Then he drops back down again with his elbows braced on the floor and buries his face in your belly. You’re getting soft with age, but it gives him space to bite at you, bracket that rosebud of a scar with his teeth and suck like he’s trying to pull it out of you. It must taste bitter, like a serpent’s venom; the mutiny you held off certainly did. Just a handful of men, at the time, angry and drunk on loss, and they rushed him but for some reason they didn’t seem to expect you. You put your body between them and him and you met his eyes as the blade sunk into your back and your lips parted as the barest point of iron tore through the front of your shirt and spat blood onto his chest. In the corners of the fury in his face, in the factional widening of his eyes, you saw cracks form and then harden again, shining out like gold and pulling him back together. The pause was just enough time for him, to grab his gun and to grab his knife and to holler to the upper decks, and he was still holding off the mutineers when you shot one in the face before passing out.
When you came to, hours later instead of days with bandages wrapped around your middle under your unbuttoned shirt, you crawled up onto the deck to silence. The ship was moving, with your colors whipping uncharacteristically in the open sea, heading up seven bodies dangling from the yard of the foremast. Over the course of days, they came down in bits and pieces and you felt every retch and heave and flinch of the remaining crew in your back as your organs scarred over. He came up behind you, once you could walk, and touched you at the base of your spine, and you watched together as the threats rotted and ripped themselves apart and sank.
Once he finishes marking you, tearing that memory out of you, he sits back on his knees and gives a thoughtful little hum. He helps you up again and takes your hand in his, gently, a facsimile of a lord or a gentleman. He holds your palm in his fingers like it's precious. He lifts your hand and lowers his head and his lips find your tendons, the thin veins that run to your fingers, the nerves that curl your knuckles. The kiss he presses there is close mouthed at first, and then his lips part, and part, and part, the flame of his tongue burning hotter and hotter against your skin. You play at softness together until his teeth close around you, around the torn webbing between your forefinger and thumb, and his tongue works against you. It's extra private, like this, taunting at exhibitionism before drawing back behind leather curtains. Beneath your glove, no one will see this, not the mutineers and not the very most loyal. No one will know, and why should they? Your love does not belong to them. Your blood does not run for them. Your scars were not knit together with their breath on your skin.

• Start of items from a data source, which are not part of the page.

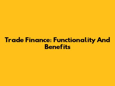 Trade Finance: Functionality And Benefits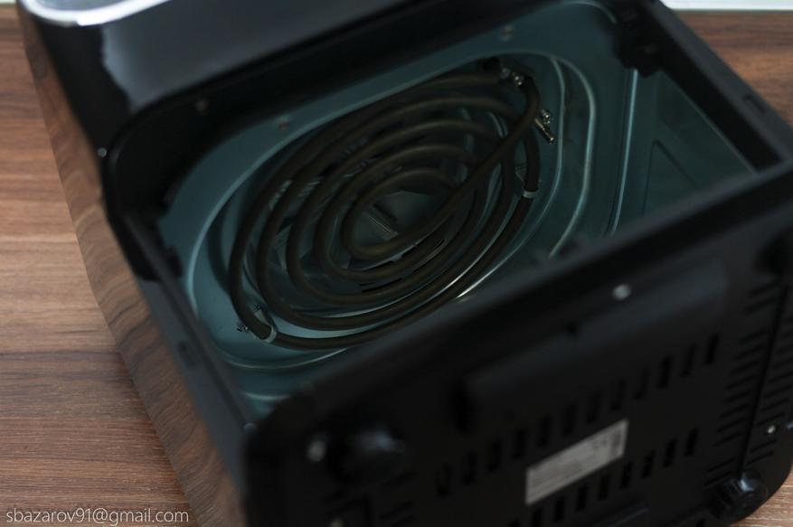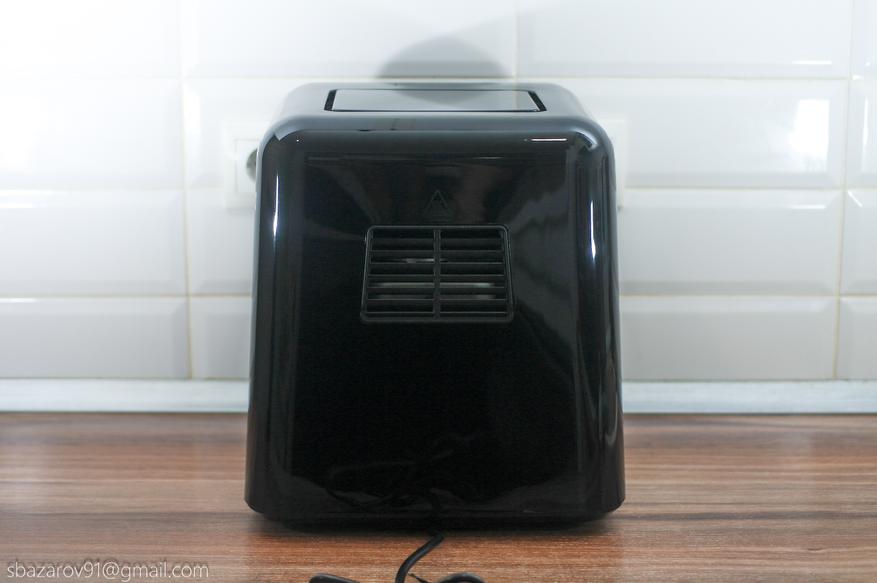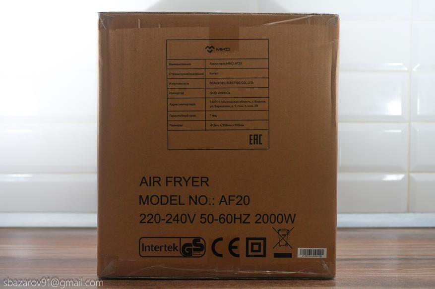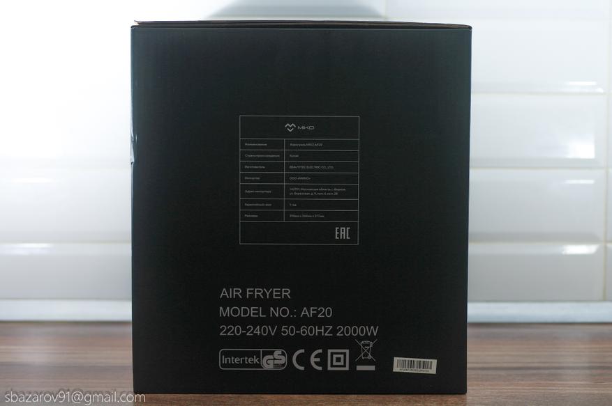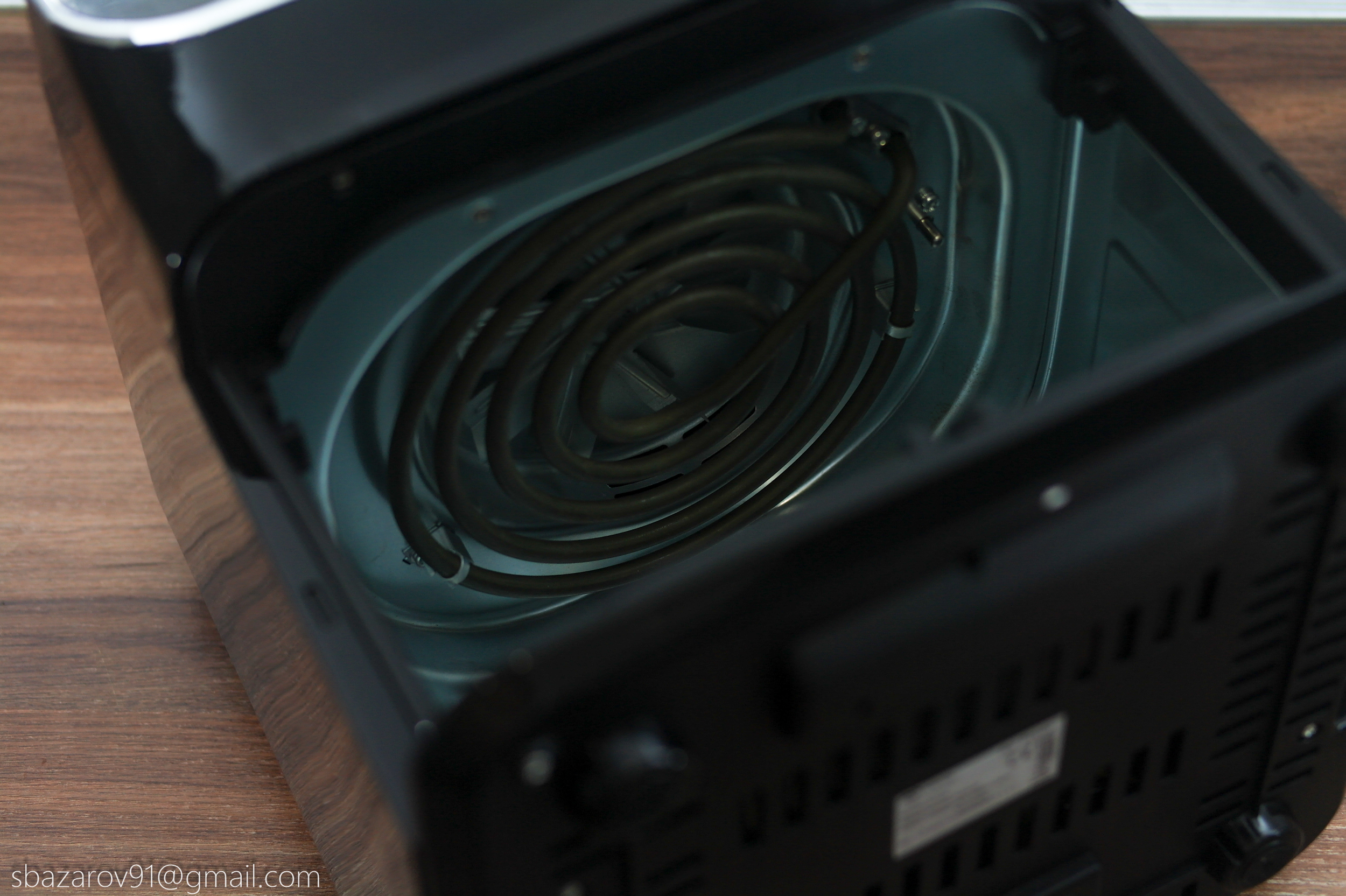 Сердцем MIKO AF20 выступает электрический тэн, расположенный над чашей. Таким образом, за счет конвекции происходит теплообмен и еда прогревается равномерно. Максимальное потребление от сети аэрогрилем составляет 2000 Вт (EU вилка длиной 100 см).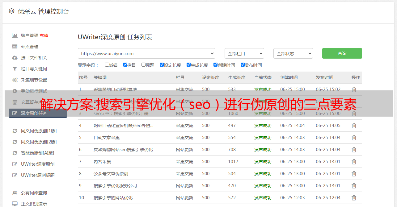 优采云 发布时间: 2022-12-22 06:09解决方案:搜索引擎优化(seo)进行伪原创的三点要素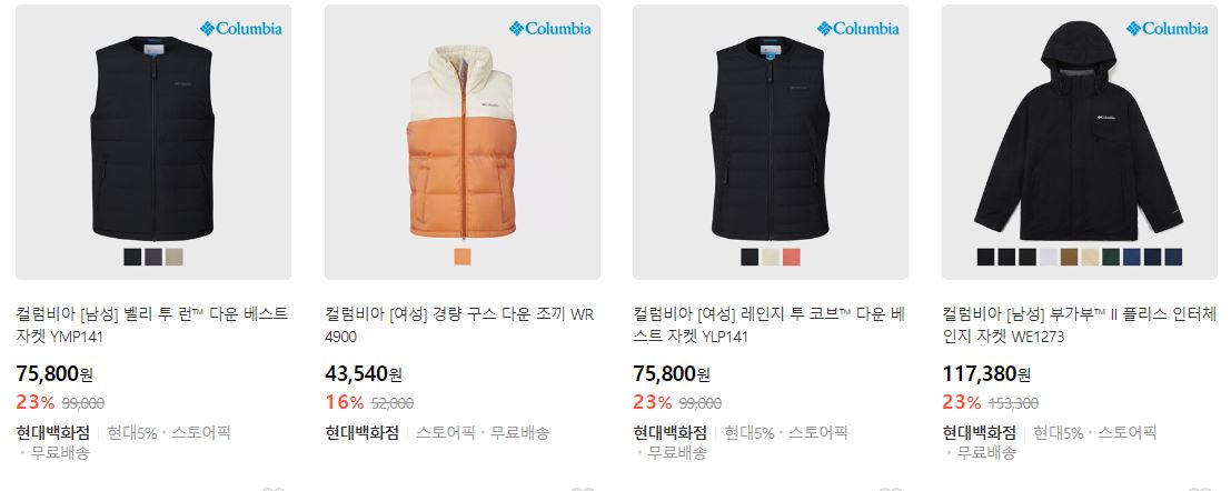 컬럼비아 다양한 제품을 할인 판매하네요.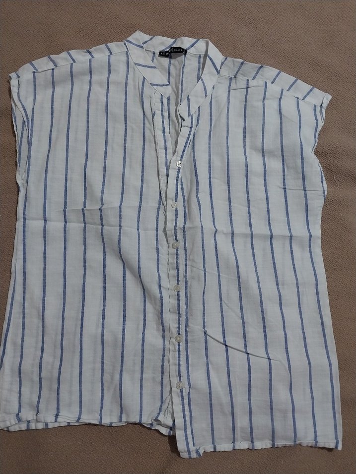 çizgili beyaz kolsuz gömlek, düğmeli ön, bol kesim ve yakalı. Yumuşak keten kumaştan, midi boy, günlük sokak stili için uygun.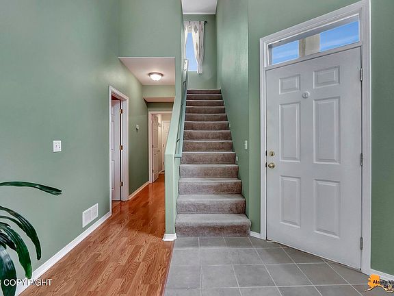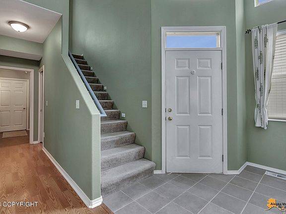 Great room concept, with master on main level. Master is ensuite with two walk-in closets. Fenced yard and deck. Tiled entry to laminate wood floors downstairs and carpet upstairs. Solid Surface counter tops. Close to midtown, airport, and Kincaid Park and trails.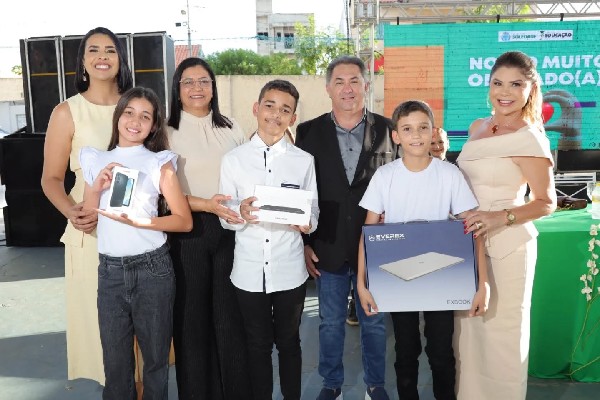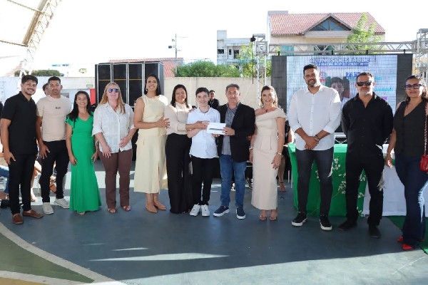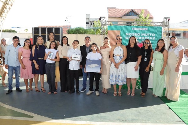 A premiação entregue pelas mãos do prefeito Miranda Neto e pela secretária de Educação, Andrea Berto, contemplou os três primeiros colocados de cada etapa, com notebook para o 1º lugar, tablet para o 2º lugar e smartphone para o 3º lugar.

This scar never belonged to a fatal wound, but it scared you the most. The first time you tried to pick up your sword, your hand wouldn’t grasp it and it clattered to the ground. The tissue was too sensitive, the muscles more atrophied than you’d expected for the short time you’d rested it, and you feared through your sinking stomach that you’d never hold a blade again. You’d never pull a rope. There would never be a point to you again, with the one thing you’d always had now shredded. You glanced at him – younger then, fiery and not quite as fond of you as he is now – and wondered if he’d keep you, like this, and you couldn’t bear to find out. So you pulled a thick leather glove onto your hand and you learned to hurt when you fought, until it didn’t hurt anymore, which meant you were free and you were unstoppable.
You feel the curve of a smile against your hand, and then his tongue as he pulls two of your fingers until his mouth. He sucks on these too, and you bite back a moan. His tongue works between your knuckles, forcing them apart, getting at your calluses and the skin between your fingers, and you feel the pressure of him swallowing before he pops them back out again and lays your hand back on your own thigh. You flex your fingers in your lap to feel the dull ache of the bruise and the wet heat on your skin.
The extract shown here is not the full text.